(Your assignment) Find the line holding "Dámske červeno-béžové obojstranné" in the entries below. Give it again exactly, along with every line after it up to and including the line holding "Sisters Are Different".
-------- Recorded information --------
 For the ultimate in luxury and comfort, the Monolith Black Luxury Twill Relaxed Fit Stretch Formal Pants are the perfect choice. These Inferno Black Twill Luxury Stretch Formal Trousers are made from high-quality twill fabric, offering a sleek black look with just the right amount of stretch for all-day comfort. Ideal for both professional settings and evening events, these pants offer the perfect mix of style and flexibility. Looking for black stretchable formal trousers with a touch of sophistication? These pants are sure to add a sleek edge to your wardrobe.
--------
-------- Recorded information --------
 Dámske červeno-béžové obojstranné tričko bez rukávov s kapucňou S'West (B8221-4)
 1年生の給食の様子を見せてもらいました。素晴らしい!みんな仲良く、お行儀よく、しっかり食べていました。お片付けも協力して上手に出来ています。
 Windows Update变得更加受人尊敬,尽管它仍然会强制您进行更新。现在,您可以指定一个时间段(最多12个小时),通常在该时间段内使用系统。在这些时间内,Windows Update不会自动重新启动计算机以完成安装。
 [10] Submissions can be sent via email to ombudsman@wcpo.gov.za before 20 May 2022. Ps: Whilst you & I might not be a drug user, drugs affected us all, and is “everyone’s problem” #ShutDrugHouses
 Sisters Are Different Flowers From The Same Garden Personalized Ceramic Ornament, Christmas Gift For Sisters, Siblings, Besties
--------
-------- Recorded information --------
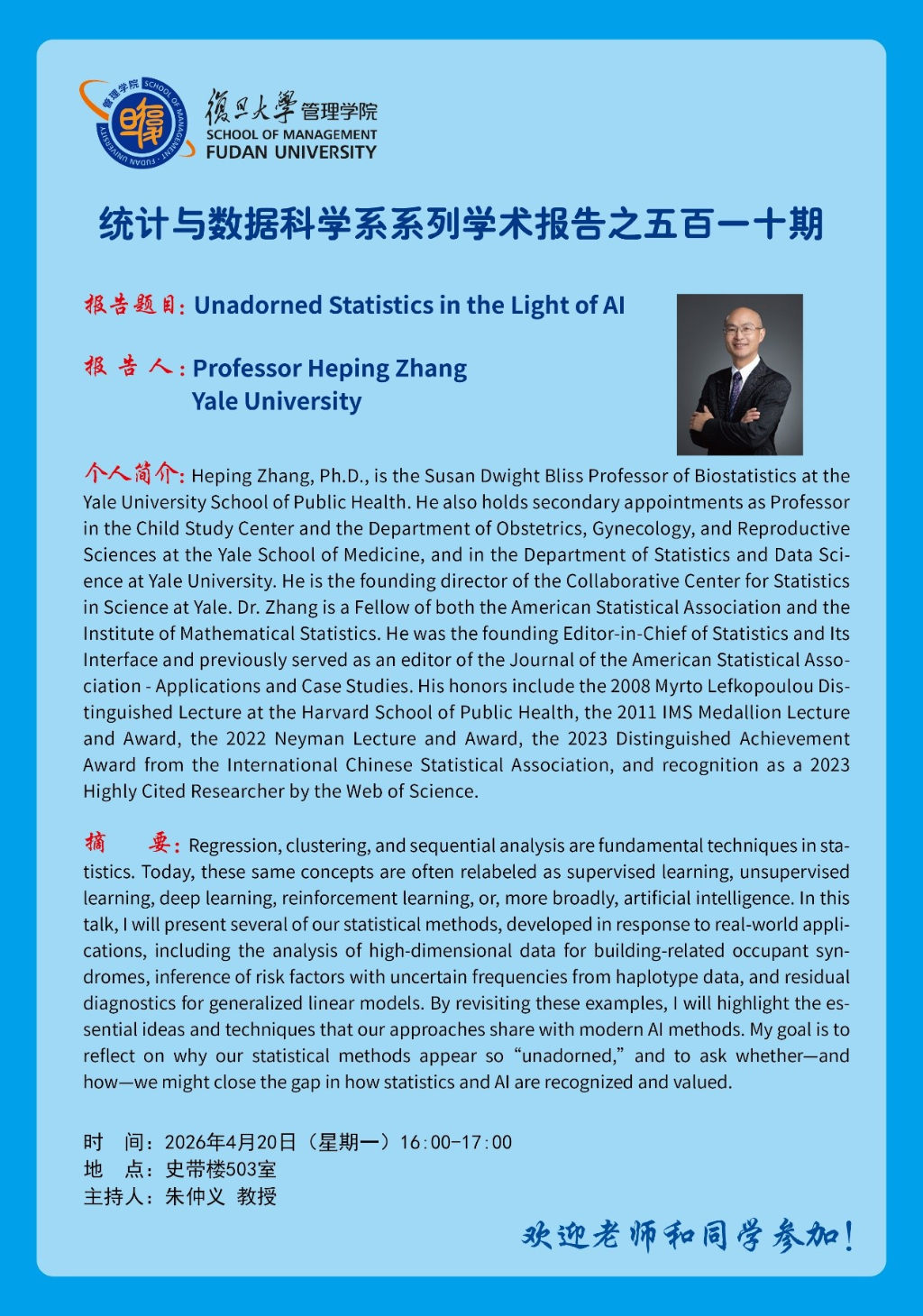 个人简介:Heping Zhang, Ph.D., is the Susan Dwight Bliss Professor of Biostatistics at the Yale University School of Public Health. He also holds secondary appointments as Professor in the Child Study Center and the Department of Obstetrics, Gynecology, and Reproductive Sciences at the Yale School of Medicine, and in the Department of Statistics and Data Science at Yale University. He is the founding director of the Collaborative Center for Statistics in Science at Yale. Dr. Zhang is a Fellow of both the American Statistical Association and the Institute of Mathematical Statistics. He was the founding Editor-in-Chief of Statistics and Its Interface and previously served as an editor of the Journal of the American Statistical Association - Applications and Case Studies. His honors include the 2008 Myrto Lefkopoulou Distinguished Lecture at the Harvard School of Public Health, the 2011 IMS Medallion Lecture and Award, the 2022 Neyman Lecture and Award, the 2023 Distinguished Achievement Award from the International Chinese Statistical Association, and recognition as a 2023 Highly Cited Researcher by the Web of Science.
--------
(Reply)
 Dámske červeno-béžové obojstranné tričko bez rukávov s kapucňou S'West (B8221-4)
 1年生の給食の様子を見せてもらいました。素晴らしい!みんな仲良く、お行儀よく、しっかり食べていました。お片付けも協力して上手に出来ています。
 Windows Update变得更加受人尊敬,尽管它仍然会强制您进行更新。现在,您可以指定一个时间段(最多12个小时),通常在该时间段内使用系统。在这些时间内,Windows Update不会自动重新启动计算机以完成安装。
 [10] Submissions can be sent via email to ombudsman@wcpo.gov.za before 20 May 2022. Ps: Whilst you & I might not be a drug user, drugs affected us all, and is “everyone’s problem” #ShutDrugHouses
 Sisters Are Different Flowers From The Same Garden Personalized Ceramic Ornament, Christmas Gift For Sisters, Siblings, Besties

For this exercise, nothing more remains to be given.